We saw Jimmy LaFave and his band play at our local theatre at the weekend. (Photgraph above by my husband). I had never heard of this artist until recently, but he's well known in Texas and Oklahoma. Jimmy LaFave's style is known as "red dirt music" after the red soil of Oklahoma. He was born in Texas, but grew up in Okie-land and loves the state as his own.
Oklahoma has an excellent track record of producing musicians - Woody Guthrie, Leon Russell, JJ Cale, Chet Baker, Jimmy Webb, Jimmy Rushing, Garth Brooks, Vince Gill, Reba McEntyre, American Idol & Grammy winner Carrie Underwood, and there's a long list of others, past and present, too.
LaFave notes that Oklahoma possesses "
a frontier spirit, with an Australian edge to it, you can hardly see a band in Austin without an Oklahoma musician. There's a vibe there that's not in Texas or anywhere else I've found. It's the desolation that makes Oklahoma beautiful, like the Delta before you get to New Orleans."
This and all quotes below are from an article by Dave Marsh in the
Austin Chronicle We enjoyed the concert. I commented during the interval that a lot of Jimmy's songs sound kind of sad and nostalgic, not at all the "shit-kickin'" stuff I'd expected. The musicians in his band were excellent and widely experienced. It was very good to note that Jimmy gave them all due credit, on several occasions throughout the show.
At the end of the show Jimmy sang Woody Guthrie's famous "This Land is YOUR Land, This Land is MY Land", and invited the audience to join in. I love this song - it was written by Woody Guthrie in 1940 as a protest at the state of his country at that time.
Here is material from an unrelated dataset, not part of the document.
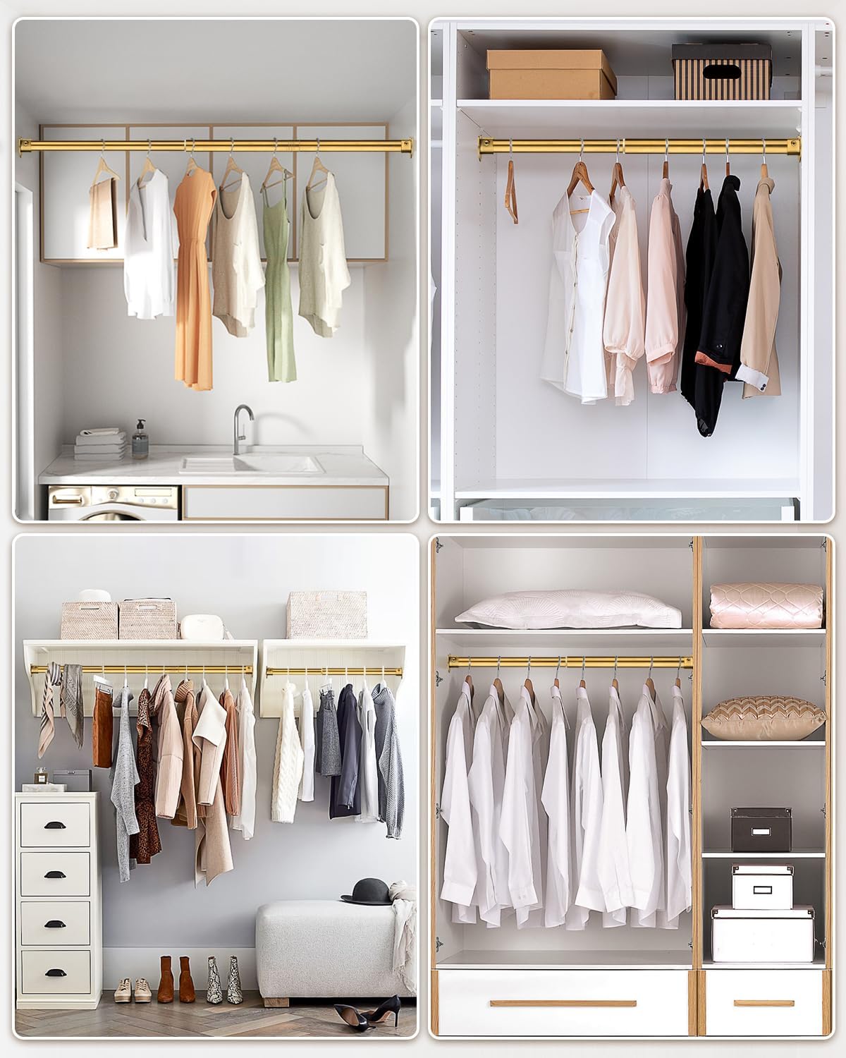 Adjustable Length for Versatile Use: Choose the length of our closet rods to fit any wardrobe layout, maximizing your space utilization and organizing efficiency.

One verse from the original lyrics goes:
"In the squares of the city, In the shadow of a steeple;
By the relief office, I'd seen my people.
As they stood there hungry, I stood there asking,
Is this land made for you and me?"
Woody Guthrie was as annoyed as the Dixie Chicks are today in their song "I Ain't Ready to Make Nice". I'm not sure how many people nowadays, even in Oklahoma, realise that Woody was protesting in this song, but he was !
The first thing I did next morning was to search for Jimmy LaFave's birth data. I found it on-line - 12 July 1955, Wills Point, Texas, and quickly realised it wasn't surprising that much of his music held nostalgia and seemed a little sad and emotional.
Sun, Venus and Uranus in Cancer. Mercury in Gemini. Mars, Jupiter and Pluto in Leo. Moon probably in Aries, it was at 18* at 12 noon. Saturn in Scorpio, Neptune in Libra.
His three planets in Leo show clearly - he's at home on stage, born to be there. I was pleased to find some quotes in the Austin Chronicle article, linked above, which support the fact that he does, indeed, possess the emotional, sensitive and caring personality associated with the zodiac sign of Cancer :
"When a friend needs a boost, LaFave turns on his warmth, not necessarily charm, just plain and powerful empathy. All his friends say something similar to Bob Childers, LaFave's songwriting mentor: "Jimmy's a really sensitive guy, but he spends a whole lot of time making sure nobody knows it."
"Singing is very emotional," allows LaFave. "You get obsessed with a lot of stuff. There's a sense of loneliness you have as an artist. That's why I close my eyes when I sing, because I like to go somewhere and find that place in everybody."
"There was a haunting night at the Cactus Cafe a few years ago, when he dedicated a song to a close friend who had just suffered a genuinely tragic loss of a loved one. He sang "Emotionally Yours" as if it were his best friend who'd been killed, and he sang it not only without flaw but from deep, deep inside what the words mean. Sitting there in the dark, you could forgive yourself for thinking it was the first time anyone at all had sung those words to that melody."
It's satisfying to find that the astrology broadly fits the impression one gets of a person, even from a distance, and still better when someone else's impression can be found to support it too.